The task. Locate the line bearing "MUGHAL ABAD | |||" in the material below, then reproduce it and each following line up to and including the line bearing "院红星青年志愿者协会副会长赵".

Data excerpts.

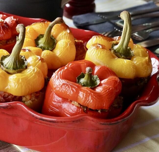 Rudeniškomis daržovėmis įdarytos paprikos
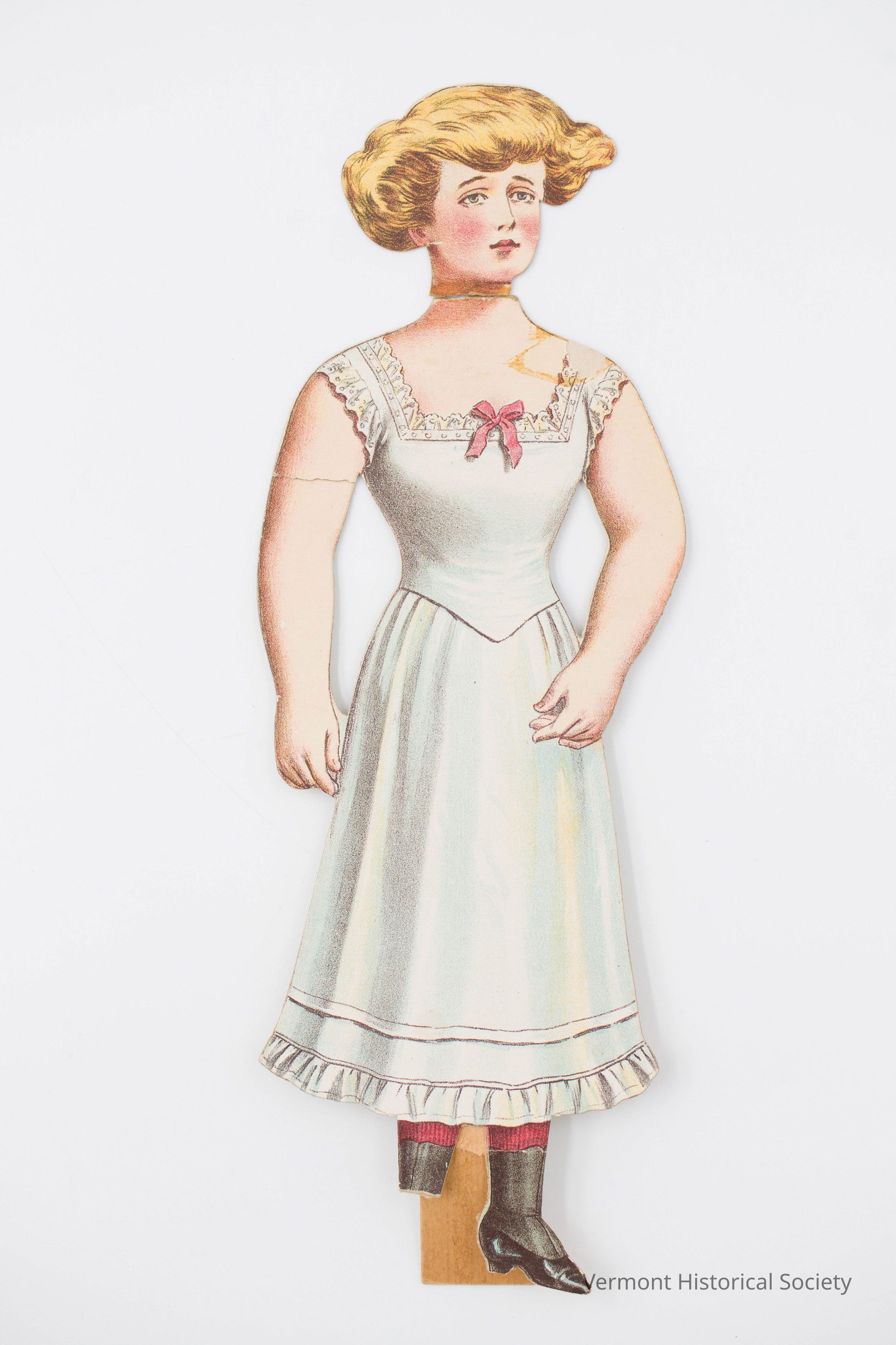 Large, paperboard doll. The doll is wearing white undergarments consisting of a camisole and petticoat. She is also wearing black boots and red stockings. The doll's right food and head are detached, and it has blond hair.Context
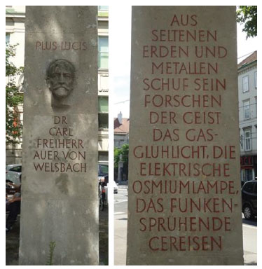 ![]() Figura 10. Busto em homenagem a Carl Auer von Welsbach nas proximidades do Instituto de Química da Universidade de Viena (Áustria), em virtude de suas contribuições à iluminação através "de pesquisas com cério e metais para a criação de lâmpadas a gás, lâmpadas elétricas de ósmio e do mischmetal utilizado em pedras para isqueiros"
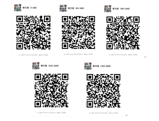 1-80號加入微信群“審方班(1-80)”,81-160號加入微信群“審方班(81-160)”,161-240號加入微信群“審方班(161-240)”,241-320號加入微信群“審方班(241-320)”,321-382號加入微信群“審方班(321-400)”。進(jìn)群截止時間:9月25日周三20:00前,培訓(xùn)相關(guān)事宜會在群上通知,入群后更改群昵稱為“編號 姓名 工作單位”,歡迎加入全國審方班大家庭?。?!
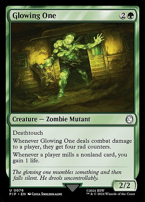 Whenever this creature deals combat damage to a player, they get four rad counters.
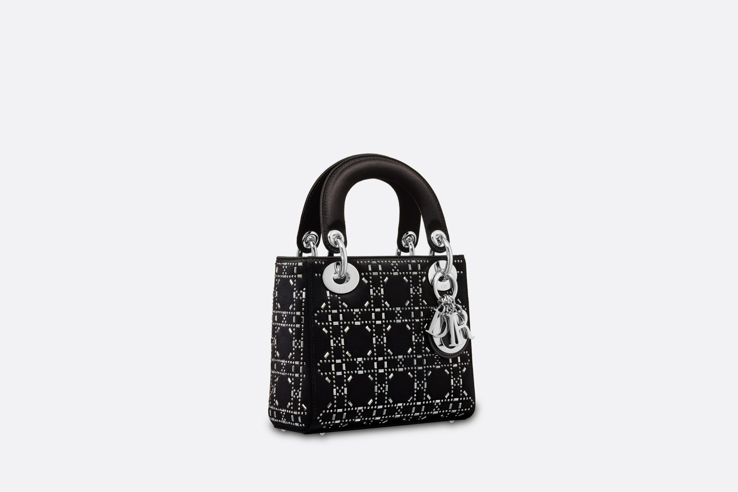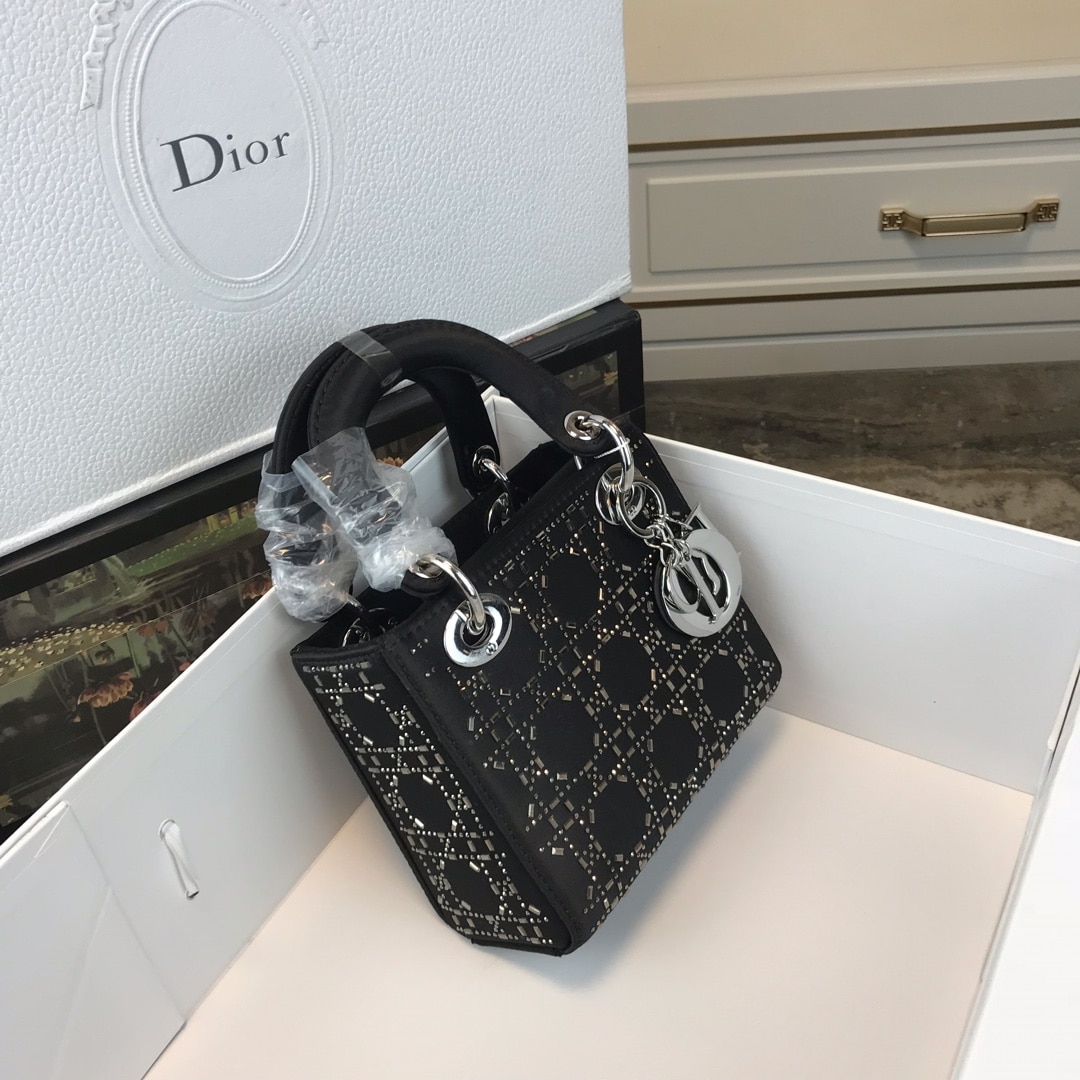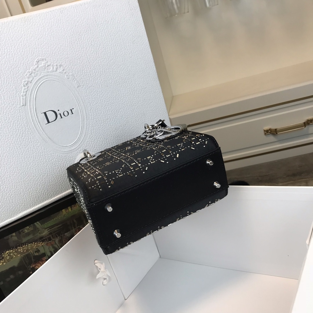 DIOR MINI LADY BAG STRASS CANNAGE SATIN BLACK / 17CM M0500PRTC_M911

==

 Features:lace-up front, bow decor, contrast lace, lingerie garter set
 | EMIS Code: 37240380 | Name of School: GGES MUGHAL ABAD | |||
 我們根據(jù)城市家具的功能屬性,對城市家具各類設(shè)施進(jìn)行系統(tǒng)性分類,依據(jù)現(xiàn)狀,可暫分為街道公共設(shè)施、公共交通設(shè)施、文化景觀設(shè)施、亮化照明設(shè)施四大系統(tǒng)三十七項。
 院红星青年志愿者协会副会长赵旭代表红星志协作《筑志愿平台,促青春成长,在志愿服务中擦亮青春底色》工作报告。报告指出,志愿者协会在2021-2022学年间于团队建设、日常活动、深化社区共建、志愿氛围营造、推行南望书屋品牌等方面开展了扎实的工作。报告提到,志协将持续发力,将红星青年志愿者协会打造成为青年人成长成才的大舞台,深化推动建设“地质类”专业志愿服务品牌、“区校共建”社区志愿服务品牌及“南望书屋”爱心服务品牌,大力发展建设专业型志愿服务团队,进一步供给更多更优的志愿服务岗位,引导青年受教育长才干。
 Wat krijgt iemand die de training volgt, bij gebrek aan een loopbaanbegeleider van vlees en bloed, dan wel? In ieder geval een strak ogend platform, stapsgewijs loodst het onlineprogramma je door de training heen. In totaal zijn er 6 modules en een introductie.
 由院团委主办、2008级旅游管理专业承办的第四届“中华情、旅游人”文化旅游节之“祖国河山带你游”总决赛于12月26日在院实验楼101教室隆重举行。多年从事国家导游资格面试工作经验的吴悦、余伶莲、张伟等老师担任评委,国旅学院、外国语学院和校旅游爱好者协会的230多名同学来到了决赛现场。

==

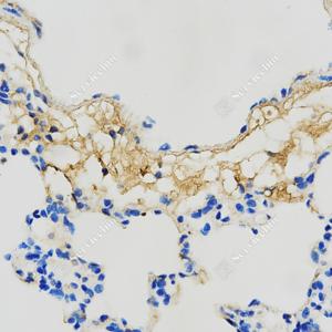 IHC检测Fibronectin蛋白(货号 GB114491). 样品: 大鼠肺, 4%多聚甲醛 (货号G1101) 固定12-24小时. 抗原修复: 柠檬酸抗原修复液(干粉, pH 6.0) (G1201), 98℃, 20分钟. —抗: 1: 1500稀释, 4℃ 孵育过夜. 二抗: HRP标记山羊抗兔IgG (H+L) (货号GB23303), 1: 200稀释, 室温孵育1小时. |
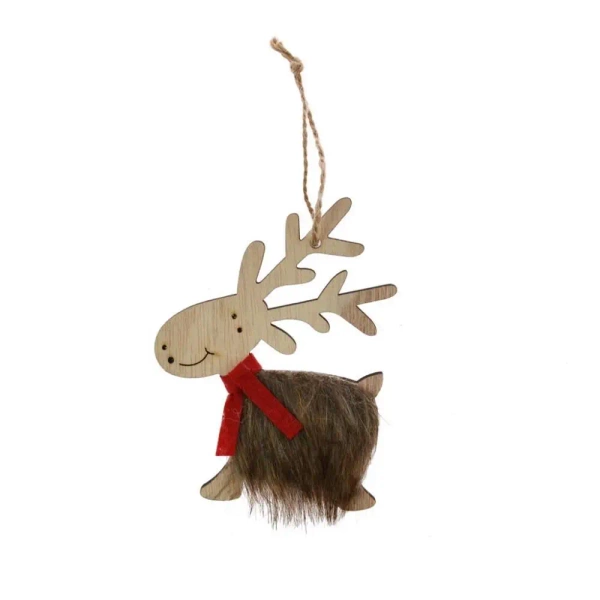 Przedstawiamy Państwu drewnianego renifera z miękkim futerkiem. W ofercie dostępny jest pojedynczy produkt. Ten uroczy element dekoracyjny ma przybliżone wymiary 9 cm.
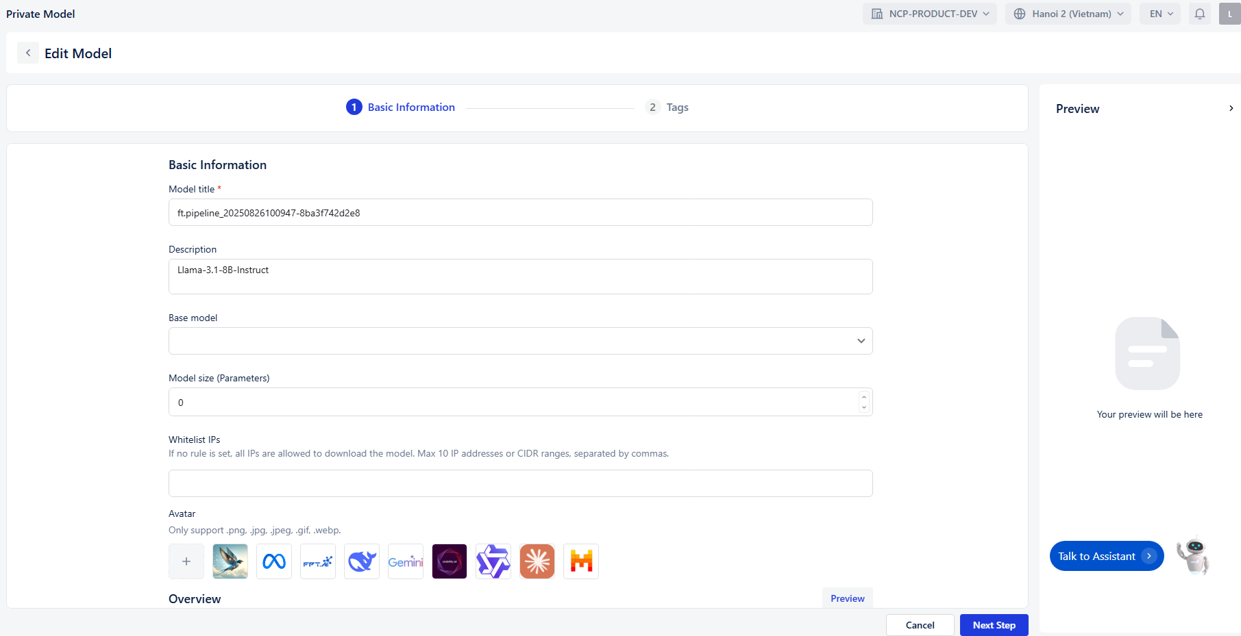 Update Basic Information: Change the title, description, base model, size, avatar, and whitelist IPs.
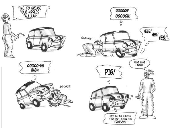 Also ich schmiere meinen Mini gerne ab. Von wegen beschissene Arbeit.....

Solution to this problem.
 | EMIS Code: 37240380 | Name of School: GGES MUGHAL ABAD | |||
 我們根據(jù)城市家具的功能屬性,對城市家具各類設(shè)施進(jìn)行系統(tǒng)性分類,依據(jù)現(xiàn)狀,可暫分為街道公共設(shè)施、公共交通設(shè)施、文化景觀設(shè)施、亮化照明設(shè)施四大系統(tǒng)三十七項。
 院红星青年志愿者协会副会长赵旭代表红星志协作《筑志愿平台,促青春成长,在志愿服务中擦亮青春底色》工作报告。报告指出,志愿者协会在2021-2022学年间于团队建设、日常活动、深化社区共建、志愿氛围营造、推行南望书屋品牌等方面开展了扎实的工作。报告提到,志协将持续发力,将红星青年志愿者协会打造成为青年人成长成才的大舞台,深化推动建设“地质类”专业志愿服务品牌、“区校共建”社区志愿服务品牌及“南望书屋”爱心服务品牌,大力发展建设专业型志愿服务团队,进一步供给更多更优的志愿服务岗位,引导青年受教育长才干。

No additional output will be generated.